BLAZING FAST with OpenClaw
When paired with OpenClaw, this setup feels incredibly responsive:
- Responses stream in smoothly without lag
- Long outputs finish quickly
- The typing experience is fluid and satisfying
It doesn’t feel like you’re waiting for a model — it feels like a tool that keeps up with you.

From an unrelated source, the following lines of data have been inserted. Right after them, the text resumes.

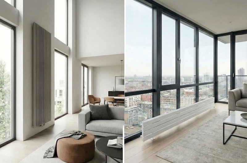 - Вертикальні радіатори: Тренд №1 останніх років. Вони встановлюються на вільну стіну збоку від вікна. Займаючи ширину всього 40-50 см, вони витягуються вгору на 1.8-2 метри. Це економить корисну площу і візуально “піднімає” стелю.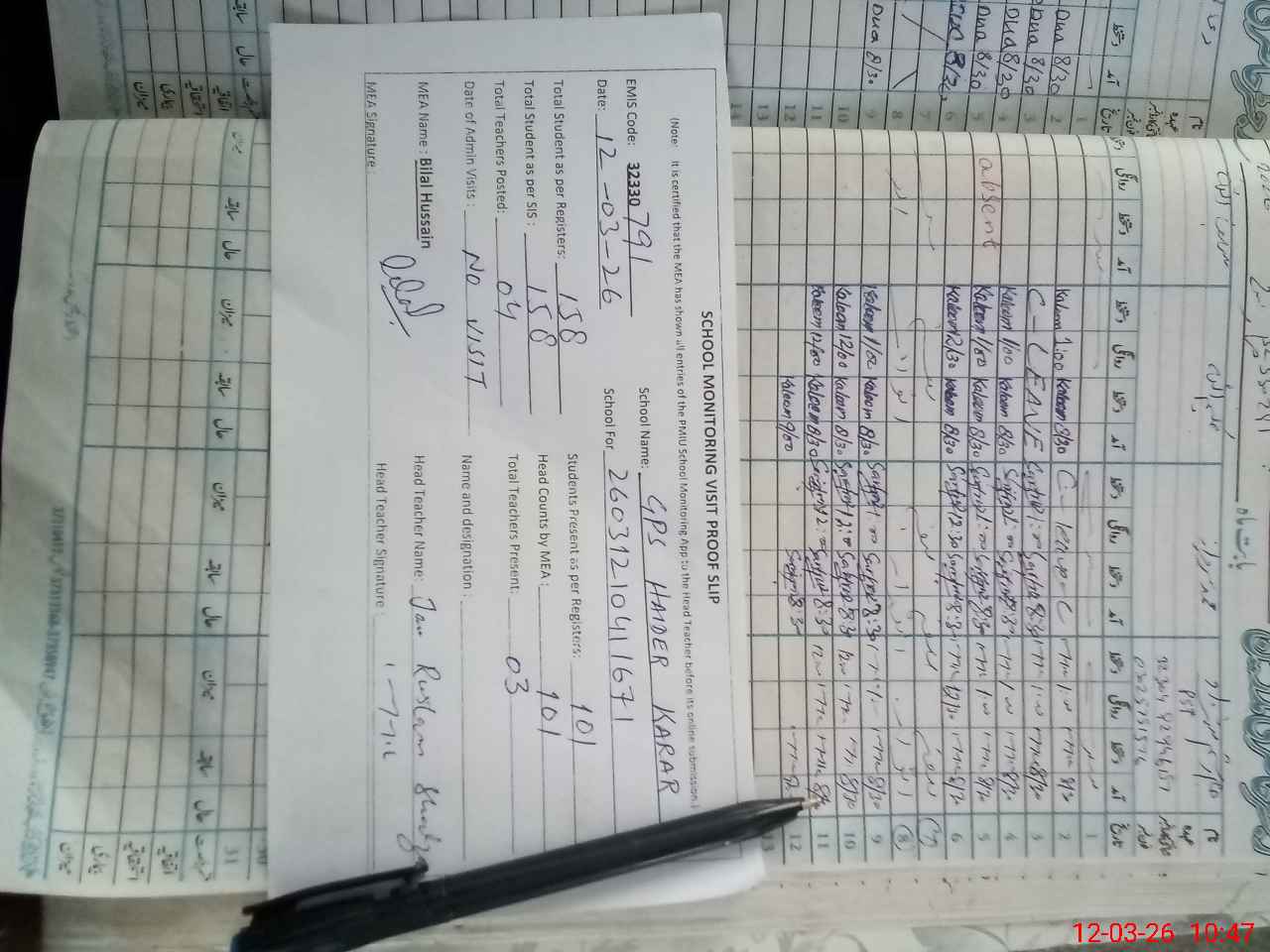 | EMIS Code: 32330791 | Name of School: GPS HAIDER KARAR WALA | |||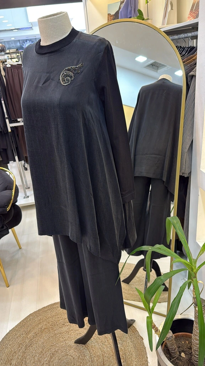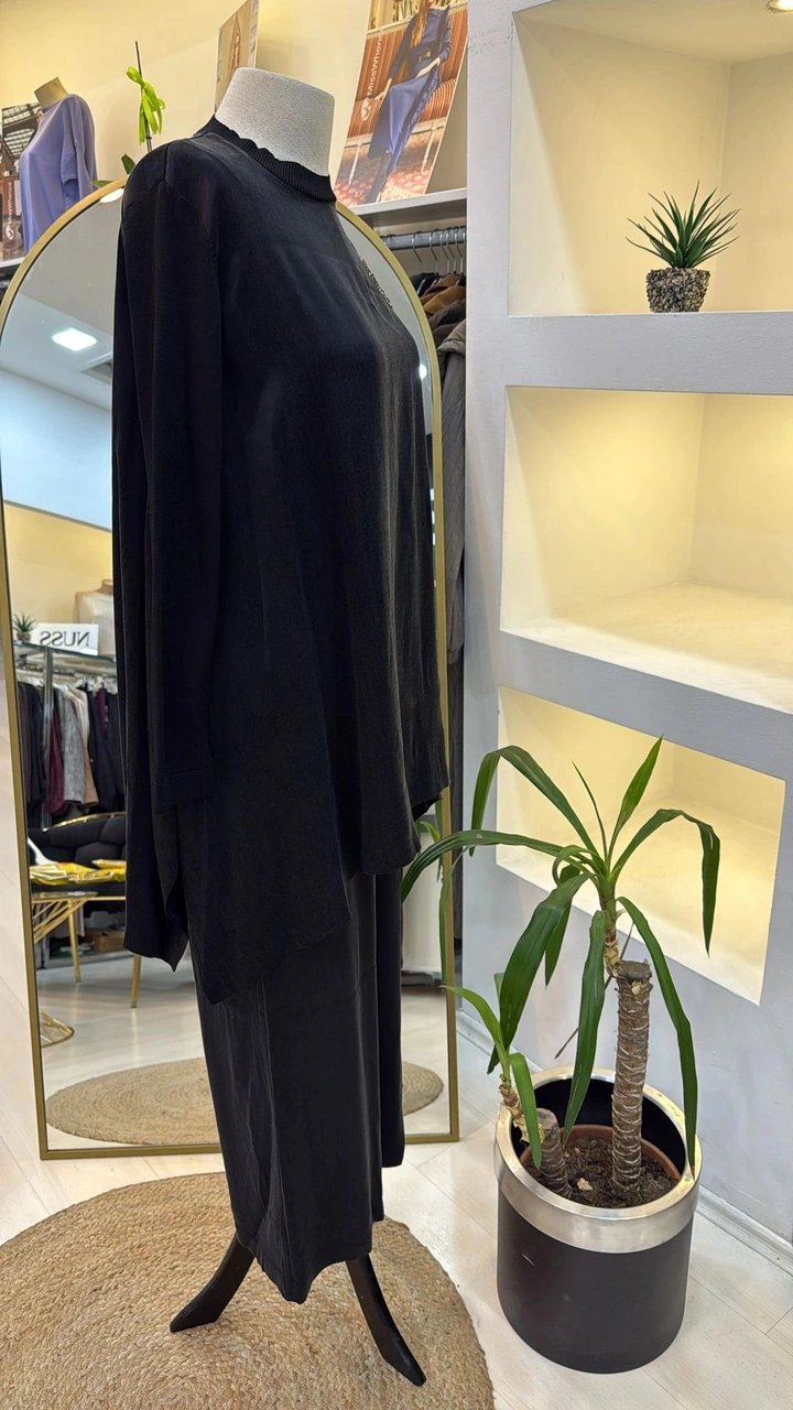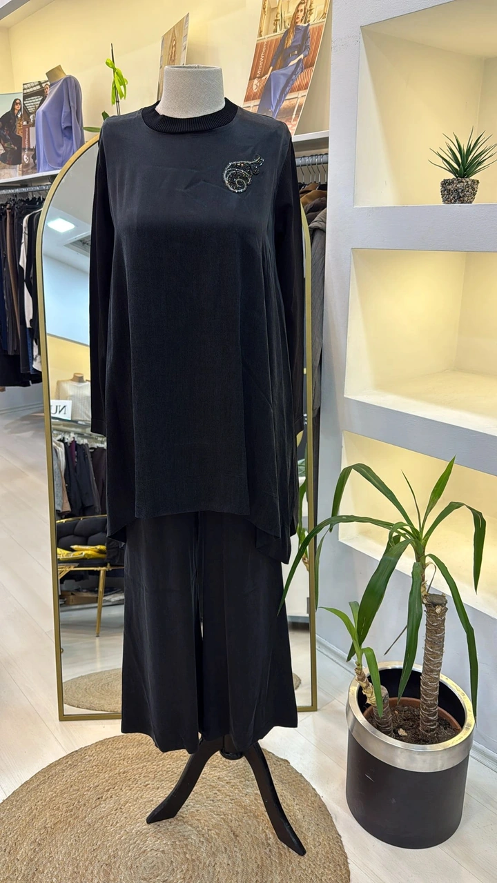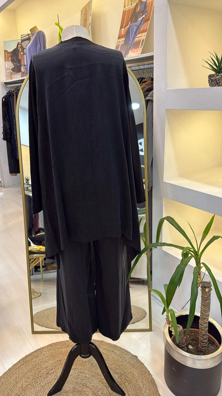 Tesettür İkili Takım Uzun Tunik Bol Paça Pantolon 4006-siyah Siyah

Very good feeling overall!
Performance Comparison
Tested on DGX Spark with max_tokens=200, warmup excluded:
| Setup | Model | Speed | Memory |
|---|---|---|---|
| This Setup ✅ | Gemma-4-26B Uncensored NVFP4 (MoE) | 45.26 tok/s | ~16.3 GB |
| vLLM LilaRest 31B | Gemma-4-31B NVFP4 (Dense) | 9.16 tok/s | ~18.5 GB |
| Ollama | gemma4:31b (Dense) | 8.05 tok/s | ~19 GB |
Quick Start
git clone https://github.com/ZengboJamesWang/dgx-spark-vllm-gemma4-26b-uncensored.git
cd dgx-spark-vllm-gemma4-26b-uncensored
bash scripts/start.sh
bash scripts/benchmark.sh
Happy (uncensored) inferencing! 🚀